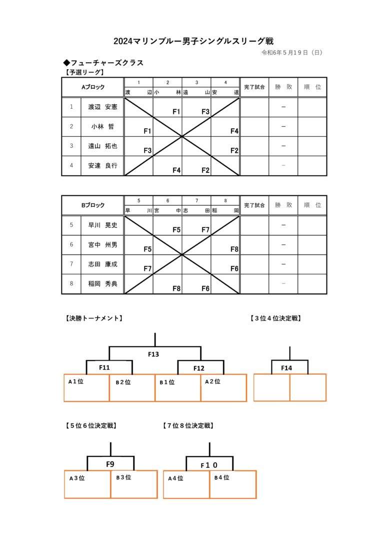 5/19(日)に開催します、男子シングルスリーグ戦の
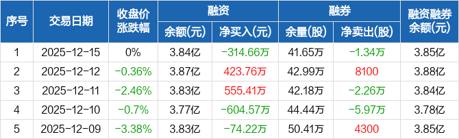 中恒集团:融资净偿还314.66万元,融资余额3.84亿元(12-15)
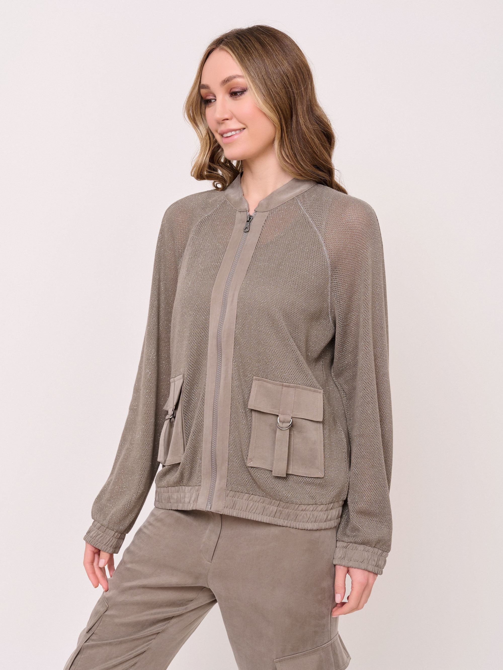 Детали: ажурный трикотаж, застежка молния, вырез горловины воротник-стойка, рукава-реглан длинные, карманы накладные, манжеты на резинке. Длина по спинке: 58 см.
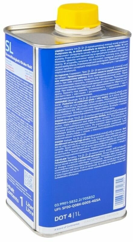 Тормозная жидкость SL DOT 4. Сухая точка кипения: 260°с, но не менее 230°с Влажная точка кипения: 165°с, но не менее 155°с Жидкость меняется с интервалом 1 год.
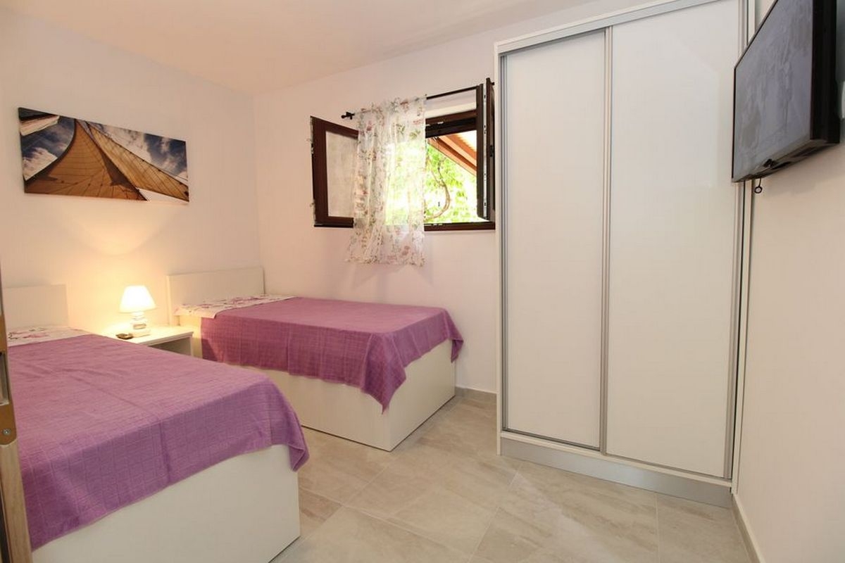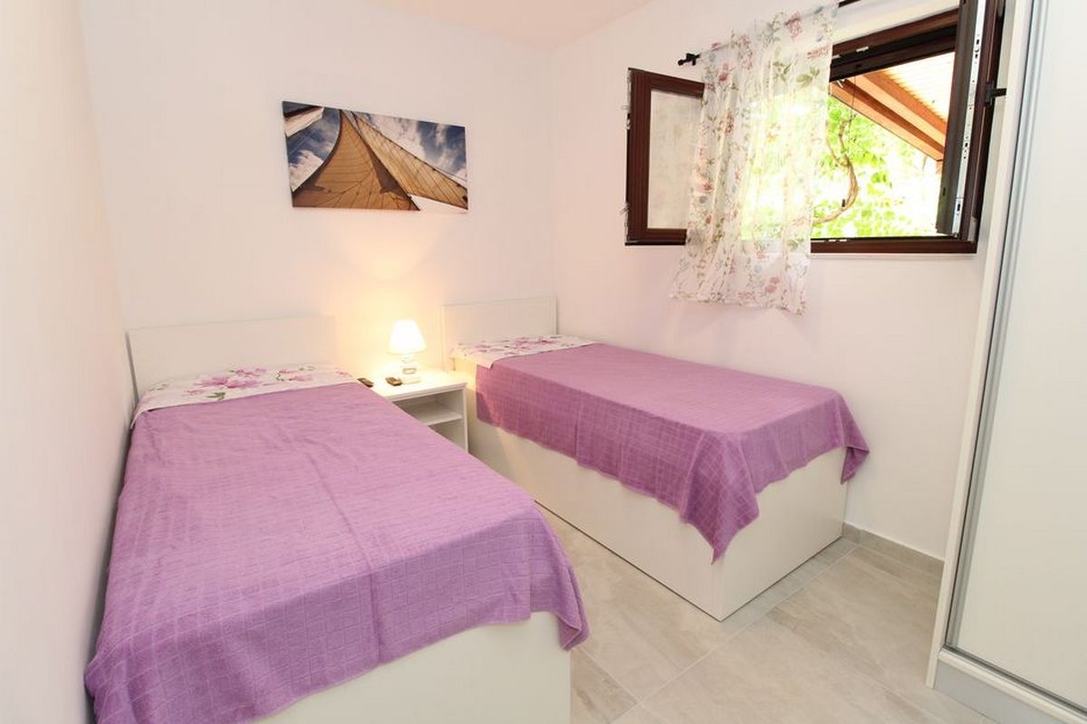 Apartment can accommodate 4 guests. Beds are situated in 2 sleeping rooms, within 40m2. Guests can use a private terrace to enjoy the warm summer evenings. The apartment offers the sea view. Food can be prepared using barbecue which is shared with other guests too. This accommodation unit welcomes pets at an additional charge. INCLUDED IN THE PRICE: tourist tax, final cleaning, air-conditioning, parking, internet, laundry, baby cot, iron, ironing board, hairdryer. OBLIGATORY ADDITIONAL COSTS: short stay fee (surcharge depending on a number of booked nights: 30% - 1, 20% - 2, 10% - 3). OPTIONAL ADDITIONAL COSTS: boat (€200.00 per night), pets (€10.00 per night). The availability of additional services for your chosen dates of stay, as well as their prices (if none are listed) must be checked ahead of time. Any additional services not shown in the price calculation are payable directly to the property owner and only if used by the visitor.
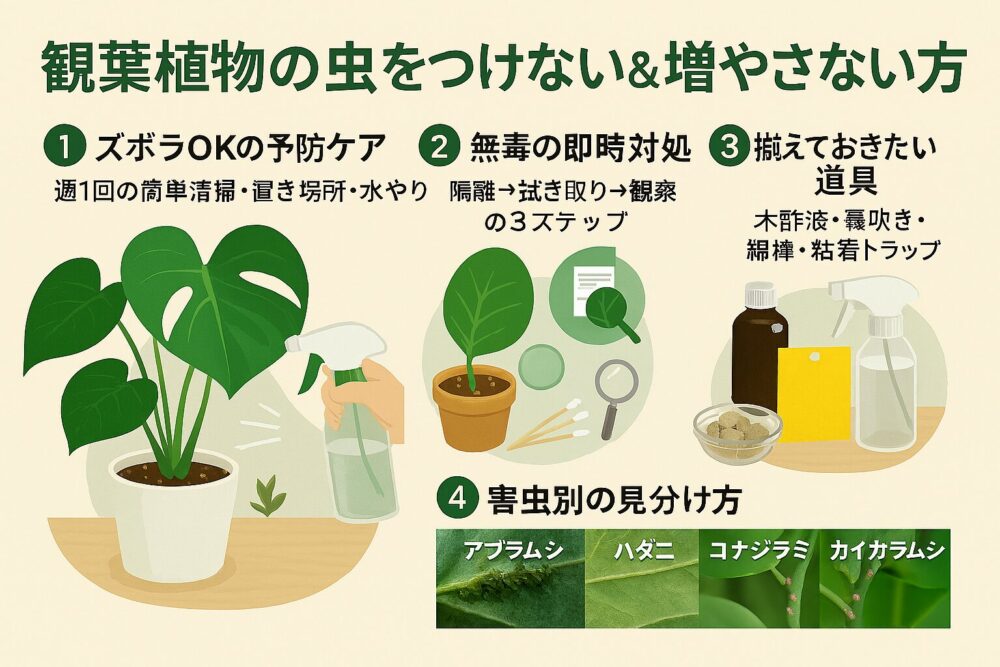 - ズボラ対応:外から持ち込む鉢や葉は帰宅後に簡単に拭く、土は新品か確認する。

● Work instructions
In the listing above, find the line with "Детали: ажурный трикотаж, застежка" and the line with "Тормозная жидкость SL". Copy both of them and every line between, exactly, but not the pictures.

● Solution to the exercise
 Детали: ажурный трикотаж, застежка молния, вырез горловины воротник-стойка, рукава-реглан длинные, карманы накладные, манжеты на резинке. Длина по спинке: 58 см.
 Тормозная жидкость SL DOT 4. Сухая точка кипения: 260°с, но не менее 230°с Влажная точка кипения: 165°с, но не менее 155°с Жидкость меняется с интервалом 1 год.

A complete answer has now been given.